I'm pretty new to graph theory; I'm learning about BFS and DFS, and I came across the following problem:
Given an undirected graph $$$G = (V, E)$$$, how can I compute for each vertex $$$u$$$ the number of vertices $$$v$$$ such that $$$d(u, v) = 2?$$$
Of course, one could just perform a BFS from each vertex and count the number of vertices for which the distance is equal to $$$2$$$, but I was wondering whether there is any better solution to this problem. Does anyone have any ideas?

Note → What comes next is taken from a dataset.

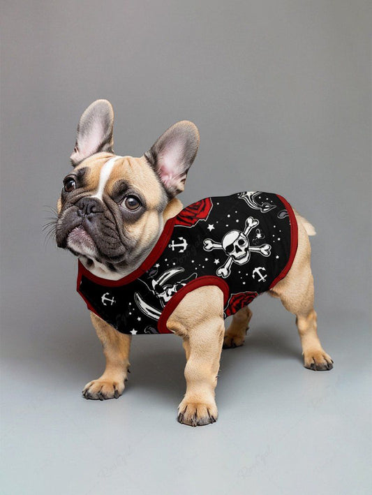 Skull Rose Flower Star Anchor Printed Tank Top and Wide Leg Pants Dog and Owner Matching Outfits

Each neighbor of a neighbor of $$$u$$$ is distance $$$2$$$ away, except for $$$u$$$ itself. Each neighbor $$$v$$$ of $$$u$$$ has $$$deg(v)$$$ neighbors, exactly one of which is $$$u$$$, so it contributes $$$deg(v) - 1$$$ to the answer. In total, for a fixed $$$u$$$, the answer is $$$\sum\limits_{v \in adj(u)}(deg(v) - 1) = \sum\limits_{v \in adj(u)}deg(v) - deg(u)$$$ (to be explicitly clear, $$$deg(u)$$$ is not in the sum). This is $$$O(V + E)$$$.
I think this formula works for a tree, but otherwise, it will double count: consider a square with vertices 1,2,3,4 (in cyclic order). Then for $$$u=2$$$, this would count $$$4$$$ both when considering neighbor $$$1$$$ and when considering neighbor $$$3$$$: (2+2-2 in the formula when it should be 1).
Huh, you're right. Not sure how to fix that, then.
What do you mean by d(u, v)? Is it the shortest distance between u and v?